In anticipation of the expiration of the year, however, the administration has gone to more friendly countries seeking bilateral agreements not to extradite Americans to the ICC. On August 1, Romania was the first to sign up. (Israel quickly followed suit.) That piqued the pique-prone Europeans. First, the European Union expressed "regret" over Romania's action. Then, on August 12, European Commission president Romano Prodi issued a warning to "other candidate countries which have also been approached by the United States" not to "make any more moves to agree to sign such an accord." The "candidate countries" being mostly poorer Eastern European countries whose economic future lies with acceptance into the tariff-free club of rich West Europeans, the warning carries weight.
The ironies here are stark. The East Europeans are poor and the West Europeans are rich precisely because one side had the protection of the United States during the Cold War and the other side did not. The military umbrella, economic aid (beginning with the Marshall Plan), and other goodies dispensed by the United States permitted Western Europe to become the island of wealth that it is today. Having achieved that wealth on the back of the United States, Western Europe is now using it as a club to make Eastern Europe distance itself from the United States.

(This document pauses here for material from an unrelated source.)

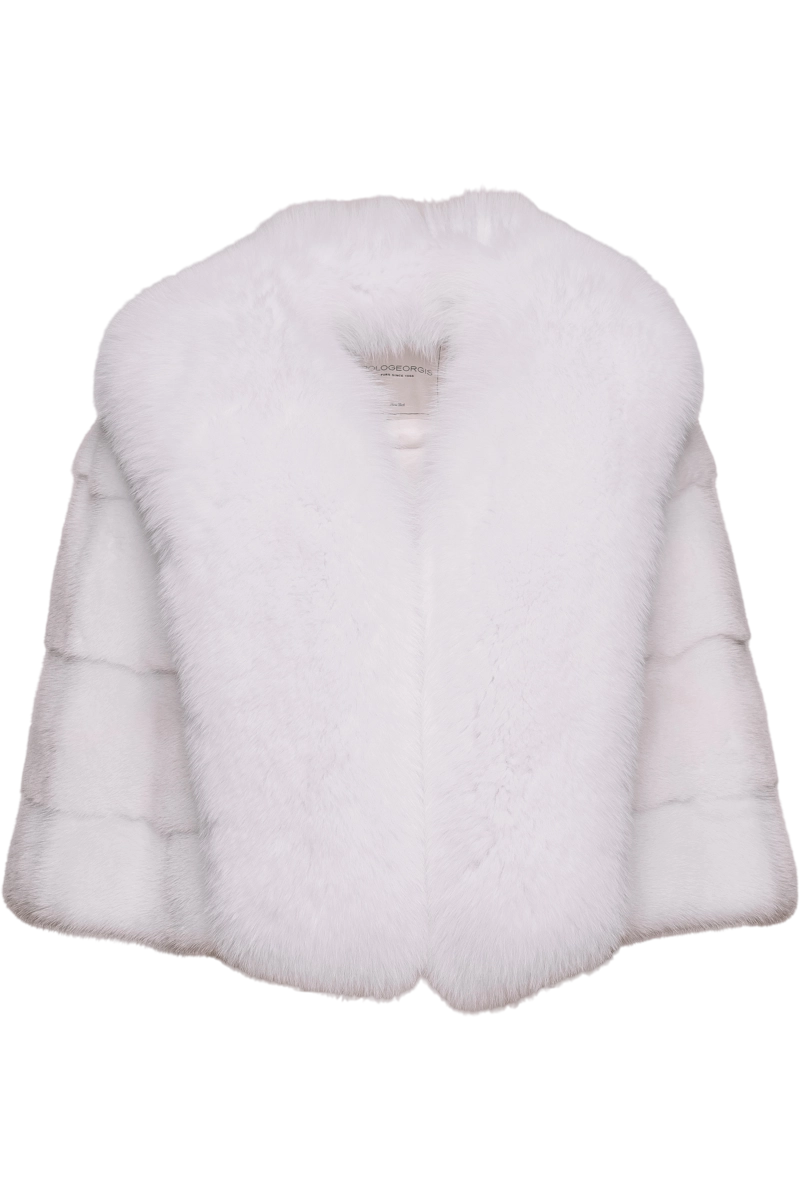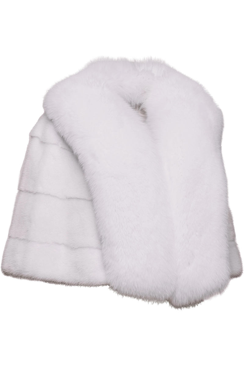 White POLOGEORGIS Elegant Horizontal White Fox & Mink Fur Cape PRODUCT FRONT VIEW

The irony gets richer, though. The West Europeans have been full throated in their complaints about the American "hyperpower," the arrogant unilateralist that uses its power to get other countries to do its bidding. Now, however, finding itself with the upper hand vis- -vis its eastern cousins, the E.U. has not the slightest hesitation about threatening their economic futures, which are necessarily tied to the E.U., to ensure that Americans remain subject to extradition and prosecution for their exertions abroad.
This is not the first time that Western Europe has threatened its Eastern European cousins to shape up and do as they do. Six months ago, the prime minister of the Czech Republic said some very true and therefore necessarily rude things about Yasser Arafat. Among other observations, Milos Zeman said that Arafat was a terrorist and that Israel should not be forced to negotiate with him. Zeman was a little ahead of his time. The United States has by now said precisely the same thing. But for that, and for the indiscretion of comparing Arafat to Hitler and Palestine to the Sudetanland, Zeman incurred the wrath of the E.U.

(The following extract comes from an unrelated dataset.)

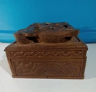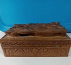 Antique CARVED WOOD DRAGON BOX Detailed

"Such language is not what we expect from a future member state," declared the European Union in a not so subtle message that if you want to join the club you had better parrot the club's prejudices. By May, the Czechs were apparently on board. After a Brussels meeting with Zeman, E.U. foreign policy chief Javier Solana declared with satisfaction that the Czech Republic had aligned itself with the E.U.'s Middle East policy.
It is no accident that Romania should have wanted to sign on with the United States on the ICC or that the Czech Republic would have expressed a position on the Middle East more in accord with the American than with the West European view. It is perhaps the greatest irony of the post-Cold War era: America's closest friends in the world are those nations that were once Soviet colonies. We can count far more on the goodwill and support of former Warsaw Pact countries than on our longtime West European allies (with the occasional exception of Britain).
The reason is not hard to see. East Europeans retain a residual pro-Americanism that derives in part from gratitude for America's half century of struggle to end their enslavement to Moscow. Whatever gratitude Western Europe might have had for its liberation 50 years earlier has quite dissipated.
But it is more than just a question of gratitude. East Europeans have the immediate, almost current, personal experience of having lived under tyranny. They have a much keener appreciation of the value of liberty, the price that must be paid to sustain it, and the role of the United States in securing theirs and everyone else's.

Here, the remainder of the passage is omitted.